Faktor Yang Berhubungan Dengan Penggunaan Kontrasepsi Pada Pasangan Usia Subur Di Wilayah Kerja Puskesmas Naras Kota Pariaman Tahun 2018
Categorie(s):
Laporan Tugas Akhir
Author(s):
Rahmi, Zakiyatur
Advisor:
Noflindaputri, Resty
Juwita, Lisavina
Juwita, Lisavina
ISSN/ISBN:
-
eISSN/eISBN:
-
Volume:
-
Keyword(s):
Pengetahuan, Persepsi, Dukungan Keluarga, Penmggunaan Kontrasepsi.
DOI:
-
Abstract :
Berdasarkan data Dinas Kesehatan Kota Pariaman tahun 2017, didapat jumlah akseptor KB yang aktif adalah sebanyak 6.940 orang dari 11.090 PUS atau sebesar 62,58%. Dari 7 wilayah puskesmas yang ada, Puskesmas Naras memiliki capaian yang terendah, yaitu 831 akseptor dari 1.544 PUS atau 53,82%. Tujuan penelitian ini adalah untuk mengetahui faktor yang berhubungan dengan penggunaan kontrasepsi pada pasangan usia subur di wilayah kerja Puskesmas Naras Kota Pariaman tahun 2018. Penelitian ini adalah penelitian kuantitatif dengan pendekatan analitik.
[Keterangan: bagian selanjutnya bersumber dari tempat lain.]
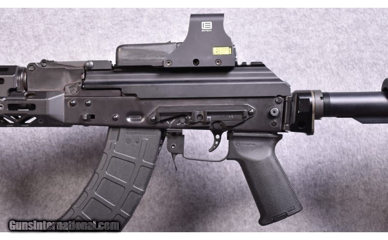Description: This Lee Armory AKM has it all! It has a Magpul adjustable/folding stock with a vertical forend grip. The KPYK CRC 1U020 forend accepts M-LOK attachments and has a 2" Picatinny rail for accessory mounts. It has a BattleArms AK trigger upgrade. The receiver also has a Picatinny rail and Texas Weapon Systems Hob Knob oversized bolt knob. It is topped with an EOTECH Holographic Weapon Sight. It also has a VG6 Precision Epsilon AK combination muzzle brake, compensator, and flash hider. To finish it out, it comes with 8 magazines. 7.62x39mm SOLD Metal Condition: Excellent Bore Condition: Excellent Barrels: 16 Triggers: BattleArms AK trigger Stock Dimensions: Adjustable Butt Pad: Magpul adjustable/folding stock Weight: 9.25 lbs Sights: EOTECH HWS Item Location: Boise, ID |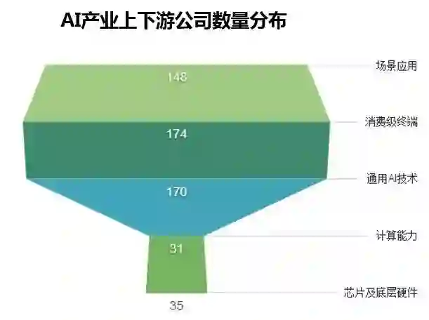 ...通过数据我们也看到了一个接近纺锤体的产业形态,大多数AI初创企业集中于通用AI技术以及成为了投资热点的消费级终端(智能机器人、无人机、智能硬件)上。行业场景应用方面虽然公司的绝对数量不少但过度集中于自动驾驶、智慧医疗和智慧金融上面,三者占了场景应用层65%的企业数量,融资金额更是占绝对多数。这反映了当前AI产业所面临的一个事实——在本轮AI创业浪潮之中,优秀资源(科学家、资金)集中在通用AI技术上。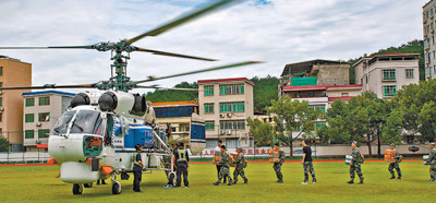 ??6月17日,廣東省梅州市平遠縣體育場,直升機在運送救援物資。馮錫權攝(人民視覺)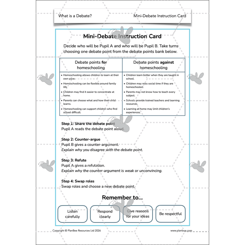 This downloadable Debate KS2 pack includes a detailed lesson plan, a set of informative slides for the teaching input, differentiated activity ideas and a range of printable resources to support your class during their independent learning.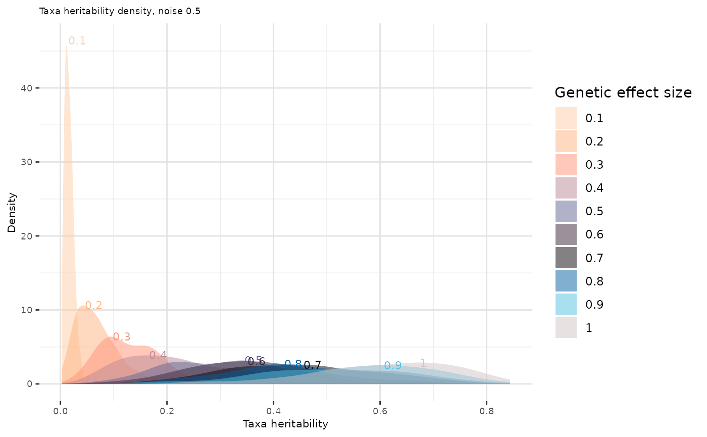 #ggplotly(p2) easier to navigate on this plot with ggplotlyBased on the Zang et al. (2022) expectations, a reasonable distribution of taxa heritabilities appears to correspond to a value of in the case of Déru et al. (2020) dataset.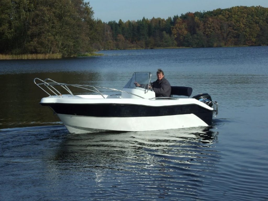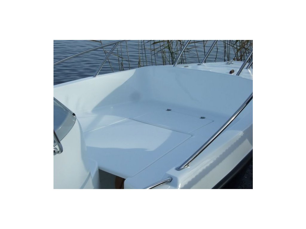 Základní výbava: bílá barva, zábradlí, čalounění skai ( imitace kůže ) na vnější straně, dálkové řízení, nerezový žebřík s dřevěnými schůdky, plastový volant, sun deck, vazáky, samovypouštěcí kokpit.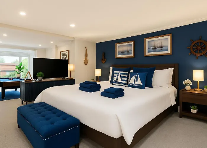Les clients peuvent dîner à Blues Point Gourmet Pizza, situé à 5 minutes à pied. Cette villa King Bed Harbour View - Captain'S Retreat est également juste à côté de l'arrêt de bus Olympic Dr before Alfred St South.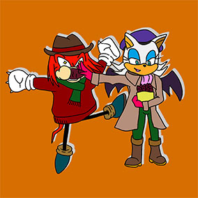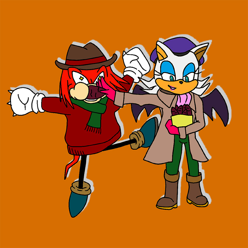 大好きな焼き芋をたくさんナックルズに買ってもらったルージュ。金を払ったのは俺なんだから最初は俺に食わせろとナックルズ。適当に口に芋を突っ込んでいなすいつも通りのルージュ。そんな日常を描いてみました。ナックルズが焼き芋を買ったのもルージュの口車に乗せられたからでしょう(笑)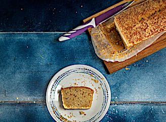 עוגה בחושה ואוורירית עם תמצית וניל מדגסקר אמיתית ואוכמניות.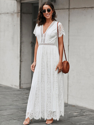 Maxikleid mit V-Ausschnitt ausgehöhlt kurze Ärmel lässig lange Sommerkleider & Damenmode > Kleider > Spitzenkleider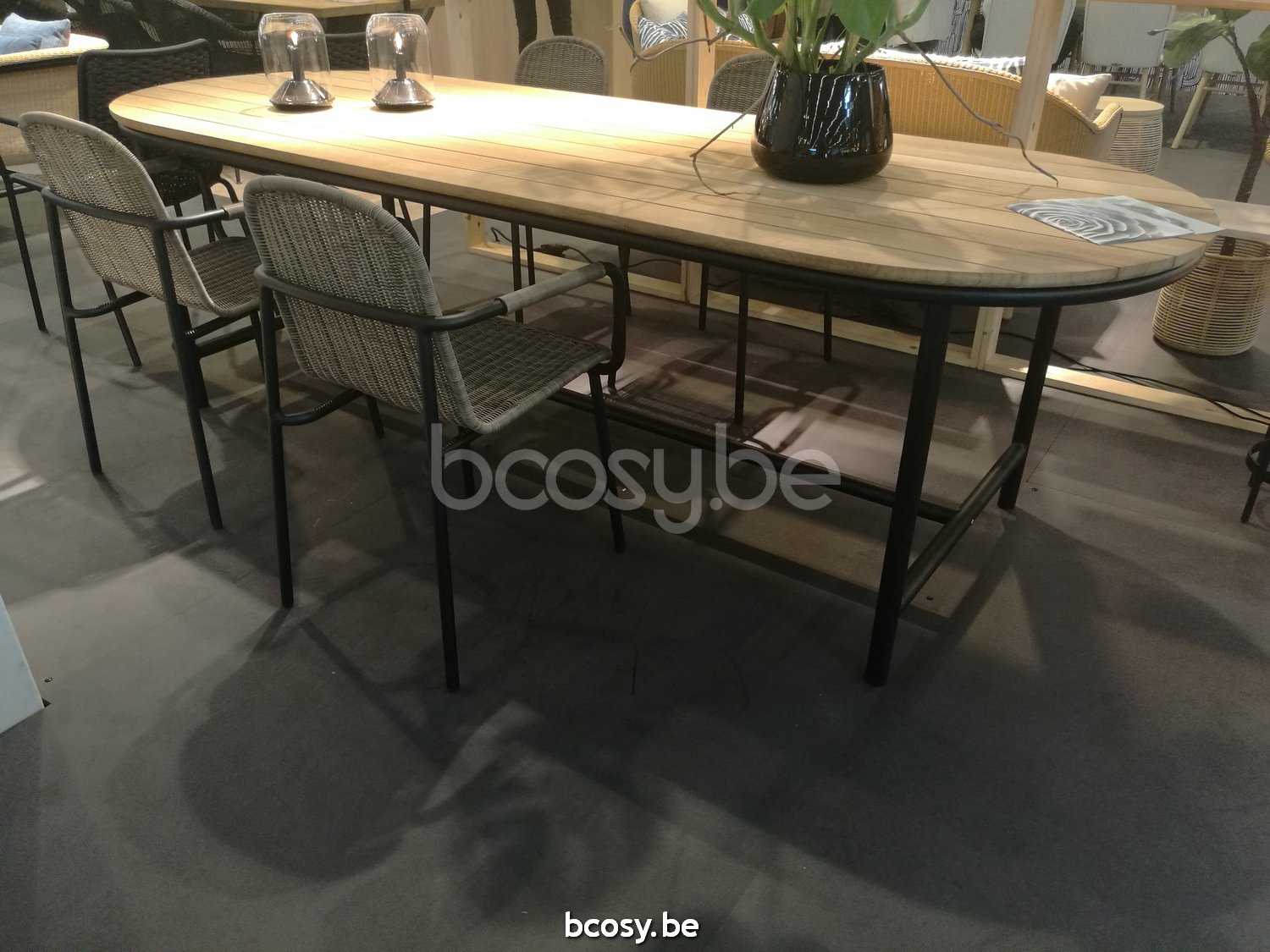 English: Vincent Sheppard Wicked Garden Dining Table 250x90 Black Aluminium frame Untreated Teak top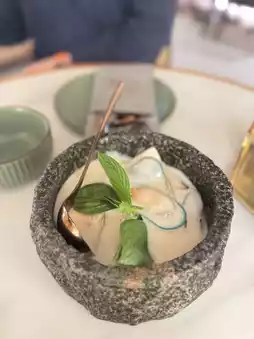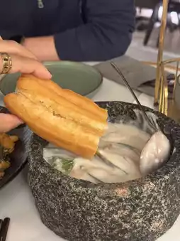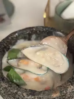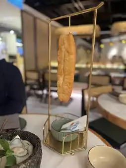 The fried dough sticks are hot and crispy, very IG-able when presented, a whole strip of fried dough sticks hanging on a golden shelf, looks exquisite, and can be handy for you to unfold with scissors, easy to eat. The stone-ground coconut laksa is full of lemongrass clove aroma and moderately sweet. Dip the fried dough sticks in coconut juice. It's delicious! The mussels were fresh and tender.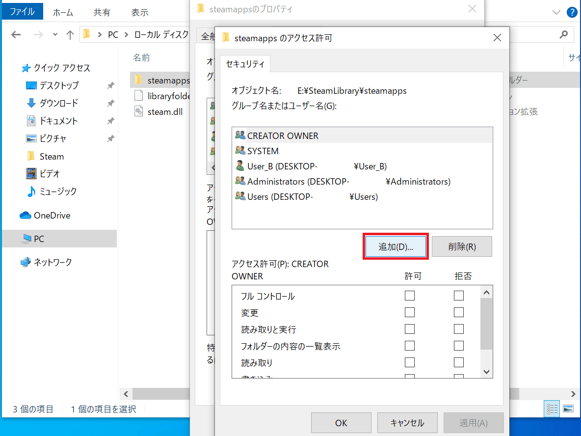 以上で、User_AからはEドライブのsteamappsに保存されているゲームが見えなくなり、User_BからはDドライブのsteamappsに保存されているゲームが見えなくなったはずです。
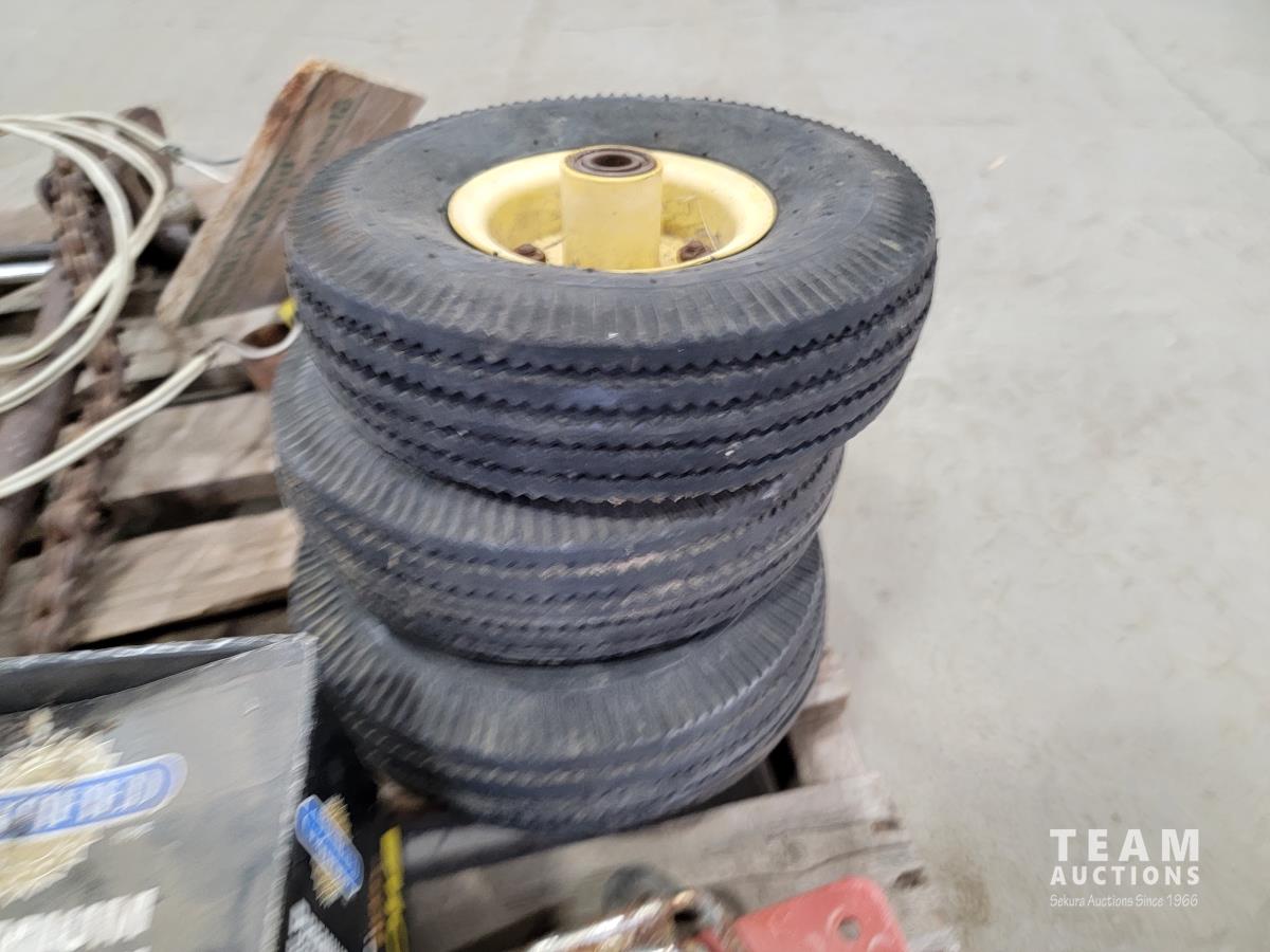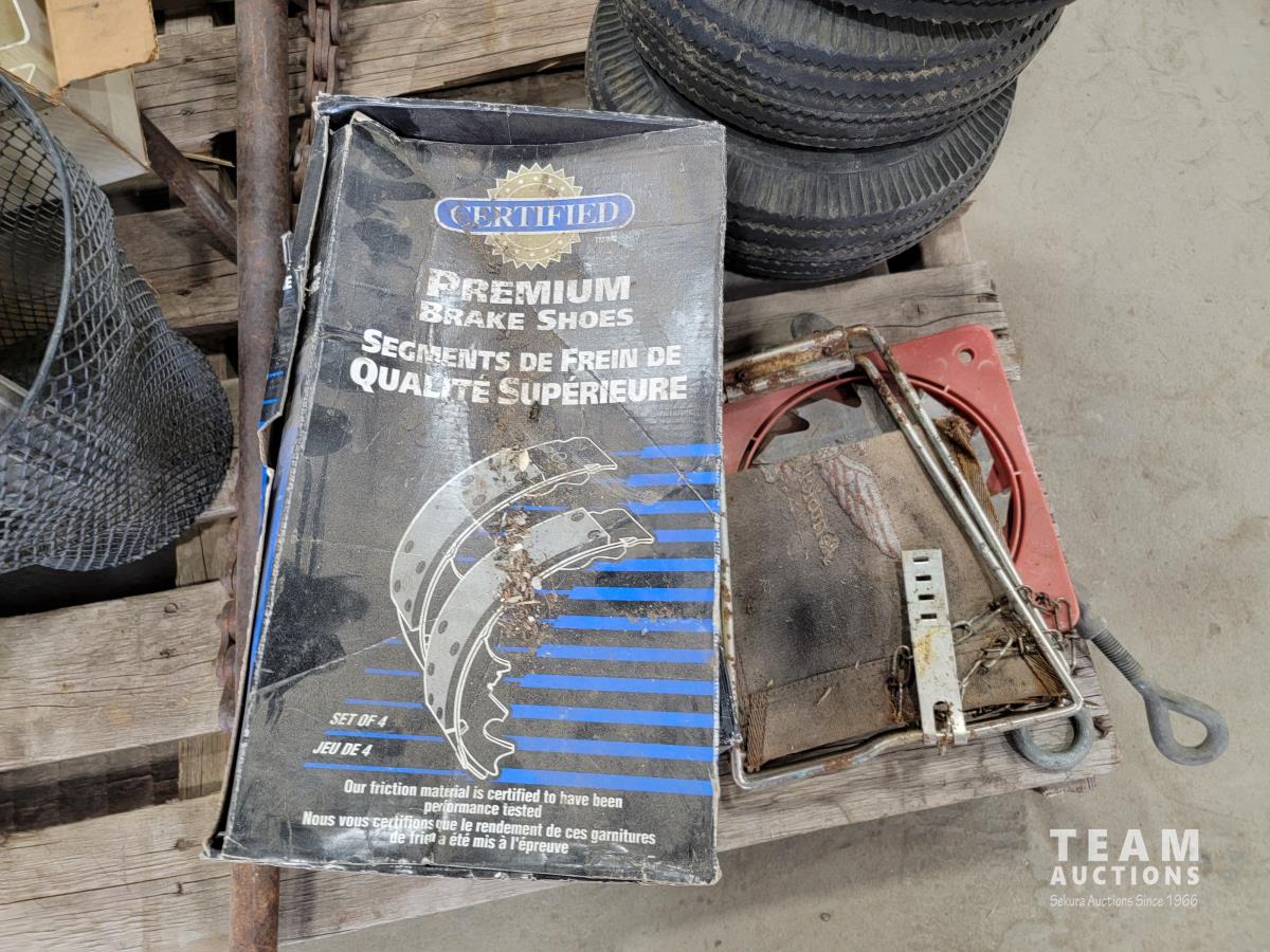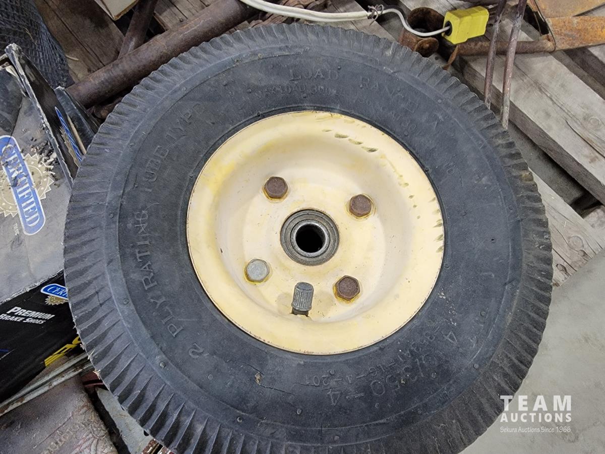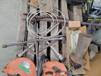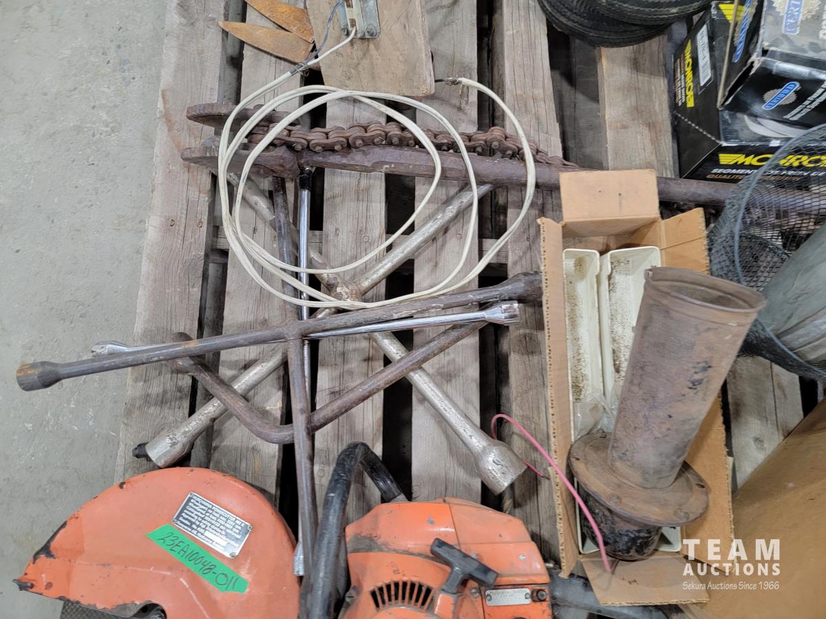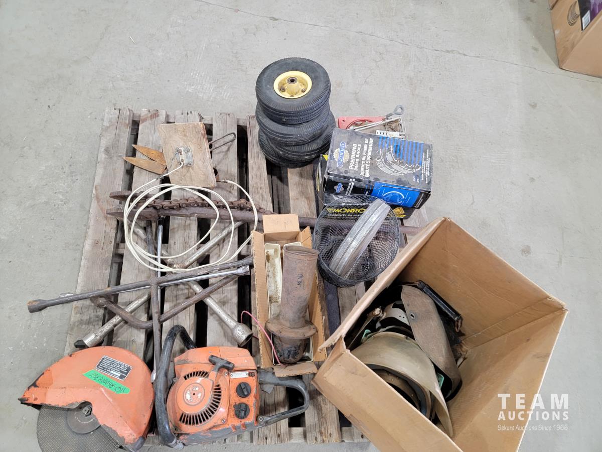 Welding helmets, tire irons, Husqvarna power cutter, (4) wheels, brake shoes

Penelitian ini telah dilaksanakan pada bulan Agustus tahun 2018 di wilayah kerja Puskesmas Naras Kota Pariaman. Populasi adalah pasangan usia subur sebanyak 1.544. Sampel penelitian adalah pasangan usia subur, sampel diambil sebnyak 94 orang dengan teknik random sampling. Hasil penelitian menunjukkan 85% memiliki pengetahuan rendah, 52,5% memiliki prespsi negatif, 60% dukungan keluarga sudah tinggi, 70% tidak menggunakan kontrasepsi. Terdapat hubungan yang bermakna antara pengetahuan degan penggunaan kontrasepsi, p value 0,006. Terdapat hubungan yang bermakna antara persepsi dengan penggunaan kontrasepsi, p value 0,009. Tidak terdapat hubungan yang bermakna antra dukungan keluarga dengan penggunaan kontrasepsi, p value 0,729. Dari hasil penelitian ini dapat disimpulkan masih kurangnya minat pasangan usia subur terhadap pemakaian kontrasepsi, dikarenakan ketidaktahuan tentang kontrasepsi dan persepsi yang berbeda-beda terhadap pemakaian kontrasepsi, dan diharapkan kepada petugas kesehatan agar lebih sering melakukan pendekatan dan penyuluhan kepada pasangan usia subur agar berjalan dengan baik program KB tersebut, sehingga dapat menimbulkan minat pasangan usia subur untuk menggunakan kontrasepsi.